Here is a "Game of Thrones" truism: There are as many ways technology can ruin your enjoyment of the critically acclaimed HBO series, as there are ways for your beloved characters to suffer brutal deaths.
Fans often complain about being burned by spoilers on Twitter or blog posts and shut down their smartphones when the show airs. But there is one thing they cannot control -- the so-called spinning wheel of death that greeted many when they tried watching the season four premiere in April on HBO's streaming service HBO GO, which is offered in conjunction with the premium channel.
"We spent 45 minutes waiting for it to load and finally at 10 p.m. we drove to my parents' place five blocks away and watched it on demand," 26-year-old fan Marissa Christy told CBS News.
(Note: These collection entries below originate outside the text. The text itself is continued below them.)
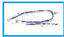
BC 515 - Infant/Neonatal Single Heated Breathing Circuit for Ventilator w/o Chamber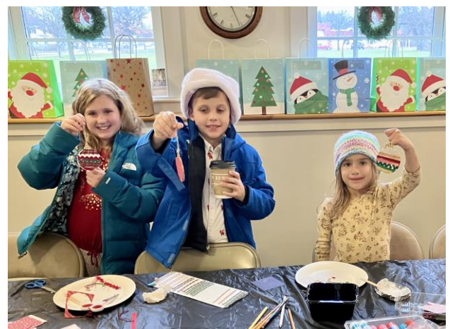
Families having fun at the Holiday Workshop in December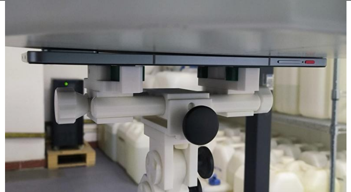
Back Side (Separation distance of 0mm)

She was relieved to finally catch up with the world of Westeros, but wished it had been from the comfort of her own home. "'Game of Thrones' is not the kind of show that you want to watch with your parents," she said. "They always seem to enter the room during the worst scenes."
The software designer from Grand Rapids, Mich., is hoping the incident won't happen again with the show's finale on Sunday, June 15. But according to experts, she shouldn't be too optimistic. Simply put, HBO is a victim of its own success.
The channel confirmed to CBS News that the April outage of HBO GO was because of "overwhelming demand," which it's likely to face again Sunday night. The network had similar issues in March with the finale of crime drama "True Detective," starring Woody Harrelson and Matthew McConaughey.
Indeed, "Game of Thrones" is wildly popular, attracting 18.4 million viewers per episode on average during this season overall. That beat the previous HBO viewing record of 18.2 million held by the Sopranos in 2002.
"Nobody had foreseen the amount of content delivered through networks. These problems will exacerbate over time," said Neil Sequeira, Managing Director of venture capital firm General Catalyst Partners, based in Palo Alto, Calif.
Sequeira, a former exec at Time Warner, the parent company of HBO, says it's because there are just too many people trying to view the show all at once online for the system to handle.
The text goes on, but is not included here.